Understanding an organization’s priorities, culture, and way of working. A successful incident response focuses on practical solutions that stay within an organization’s usual practices and capabilities. The further an IC strays from these core capabilities, the harder it will get to organize and sustain a response.

4. Understand that training is paramount—but an eye for talent is useful, too

The last thing you want to do is discourage an IC because they “lack talent.” With the right training, pretty much anyone can learn to be a good IC, and perhaps even a great one.

Still, it’s great to encourage ICs who possess certain traits. These folks may absorb training faster, retain more of what they learn, and they may possess the right emotional traits to combat panic and to function well in stressful or chaotic settings.

When it comes to training incident commanders, some telltale signs of a “natural” include:

A talent for achieving technical fluency. In particular, an IC needs a broad technical vocabulary so that they understand the conversation that’s happening in the room. They also need well calibrated technical knowledge—i.e. an accurate sense of what they know and what they don’t know.

A talent for self-regulation.
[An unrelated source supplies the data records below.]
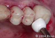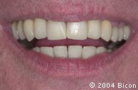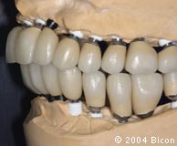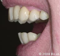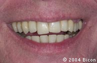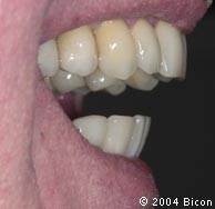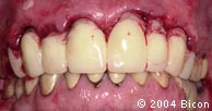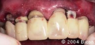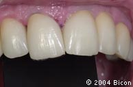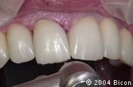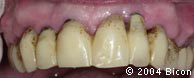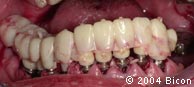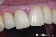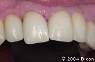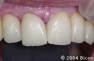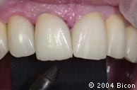 120. Вид реставраций, установленных после устранения излишков мягких тканей и кости десневым римером.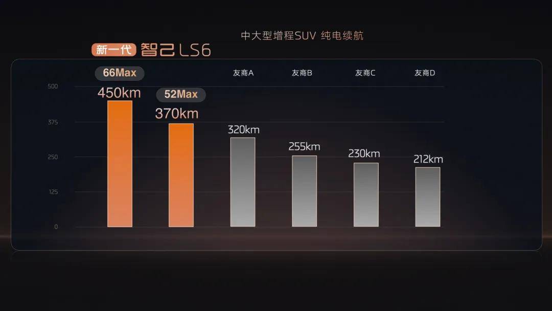 從賬面參數來看,增程LS6上的恒星超級增程系統還是挺能打的,可選66千瓦時電池組,CLTC純電續航 450km,15 分鐘即可補充 310km 續航,綜合續航更是突破1500km。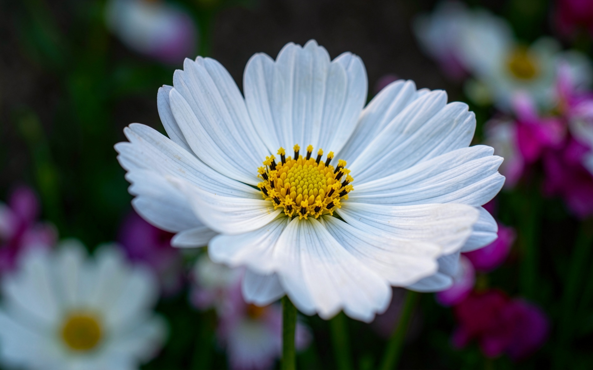 Согласно данным из botanicgardens.org, лепестки белой космеи обладают специфической микроструктурой поверхности, которая эффективно рассеивает свет, создавая эффект чистого сияния даже при слабом освещении. Нажмите кнопку скачивания, чтобы установить эти обои с цветком на ваш ПК или телефон прямо сейчас.

You can’t regulate the flow of emotions in the room if you can’t regulate your own emotional and intellectual responses. This is what medical professionals refer to as “clinical detachment,” and the more intense an incident response gets, the more valuable this ability becomes.
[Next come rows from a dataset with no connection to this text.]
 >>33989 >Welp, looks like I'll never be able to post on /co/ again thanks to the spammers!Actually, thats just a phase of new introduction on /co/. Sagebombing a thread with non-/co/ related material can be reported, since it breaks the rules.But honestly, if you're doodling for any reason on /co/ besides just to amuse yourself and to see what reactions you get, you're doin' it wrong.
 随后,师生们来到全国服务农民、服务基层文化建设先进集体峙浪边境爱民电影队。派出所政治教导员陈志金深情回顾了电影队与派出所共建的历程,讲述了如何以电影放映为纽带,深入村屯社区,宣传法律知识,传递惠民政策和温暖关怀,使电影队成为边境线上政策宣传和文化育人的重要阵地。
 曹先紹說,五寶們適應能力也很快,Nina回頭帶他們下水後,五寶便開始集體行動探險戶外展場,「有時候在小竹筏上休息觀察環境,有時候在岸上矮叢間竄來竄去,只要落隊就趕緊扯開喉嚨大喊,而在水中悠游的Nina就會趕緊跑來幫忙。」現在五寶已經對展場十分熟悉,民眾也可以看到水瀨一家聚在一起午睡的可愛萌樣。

A natural enthusiasm for the job. Good ICs relish the challenges they’ll encounter during an incident response. They focus more on the thrill of a successful response than on the possibility of failure. But they also accept the reality that they won’t win every incident response battle—and they’re OK with that.

Always keep one thing in mind: Successful organizations also work very hard to make the IC role as attractive as possible. Celebrate successful incident resolutions—and the ICs who coordinated them. At the same time, build and nurture a blameless culture within your development teams, and ensure that ICs are never penalized for making tough decisions or for stepping into challenging incident command opportunities.

5. Practice, practice, practice!

Practice is, by far, the best way for novice ICs to build their skills as well as their confidence. The more realistic the practice session gets, the more impact it will have on the novice IC.

New Relic’s approach to practice for ICs relies on two related kinds of simulations: game days and adversarial game days. The first of these events tests an IC’s response to a pre-defined incident response scenario; the second, which evolved from chaos engineering methodologies, uses a selected “malicious actor” to step up the intensity and the possibilities for unexpected mischief. It’s also fairly easy to adapt these exercises to test not just what ICs do during an incident but also to assess how they respond and perform under pressure.

New Relic also encourages new ICs to “shadow” the IC role. This involves paging two team members during an incident: an experienced IC and the IC in training. Both people will participate in the incident. Wherever possible, the “shadow” is given room to perform IC duties, with the experienced IC listening in to provide guidance, tips, and reminders as needed. This practice can work well both at the individual team level and for the NERF role as well.

Strong incident commanders enable effective incident management

As we’ve described in previous posts, the recipe for good incident management includes a lot of ingredients. Probably none of them are as important as having a confident, calm, and well-trained incident commander on the job. And nothing is as important to creating effective incident commanders as an organization that recognizes the IC’s critical role—and invests the resources to train, empower, and recognize great ICs.